**What you need to do**
The response must be the exact lines from the one that contains "Bloembuis: licht groengeel" through the end of the material, with no pictures and no additional lines.

**Data shown**
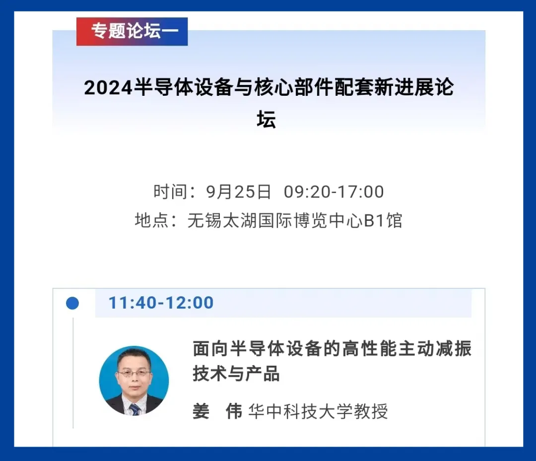同時(shí),華中科技大學(xué)教授、教育部“長(zhǎng)江學(xué)者”特聘教授兼格藍(lán)若技術(shù)顧問(wèn)姜偉將于2024年9月25日在B1館進(jìn)行關(guān)于“面向半導(dǎo)體設(shè)備的高性能主動(dòng)減振技術(shù)與產(chǎn)品”專(zhuān)題演講,為大家科普主動(dòng)減振技術(shù)最前沿的知識(shí)體系。
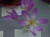 Bloembuis: licht groengeel (CC 2D) soms naar boven toe licht purper. Buitenste bloemblad: purper-violet (CC 80C), 70 × 39 mm, aan de onderste helft een smal wit randje. Binnenste bloemblad: purper-violet (CC 80C), 64 × 30 mm, de onderste 20% wit aan de randen tot de helft. Binnenzijde bloem: purper-violet, de onderste 40% wit, de nerf tot de helft geeft zo een wit stervormig hart. Meeldraad: geelgroen (CC 151A), de voet is bruingroen. Helmhokjes: lichtgeel. Stuifmeel: geel. Stempel: wit met een wat kreukige top. Bijzonderheden: bloem geurt licht en lijkt sterk op 'Dick Trotter', maar is ronder. |
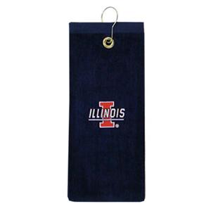 Premium weight 16" x 26" Illinois Illini logo embroidered tri-fold golf towel made of sheared 100% cotton velour. Features a swivel clip attachment. Embroidered with the Illinois Illini logo.

**Written solution**
 Bloembuis: licht groengeel (CC 2D) soms naar boven toe licht purper. Buitenste bloemblad: purper-violet (CC 80C), 70 × 39 mm, aan de onderste helft een smal wit randje. Binnenste bloemblad: purper-violet (CC 80C), 64 × 30 mm, de onderste 20% wit aan de randen tot de helft. Binnenzijde bloem: purper-violet, de onderste 40% wit, de nerf tot de helft geeft zo een wit stervormig hart. Meeldraad: geelgroen (CC 151A), de voet is bruingroen. Helmhokjes: lichtgeel. Stuifmeel: geel. Stempel: wit met een wat kreukige top. Bijzonderheden: bloem geurt licht en lijkt sterk op 'Dick Trotter', maar is ronder. |
 Premium weight 16" x 26" Illinois Illini logo embroidered tri-fold golf towel made of sheared 100% cotton velour. Features a swivel clip attachment. Embroidered with the Illinois Illini logo.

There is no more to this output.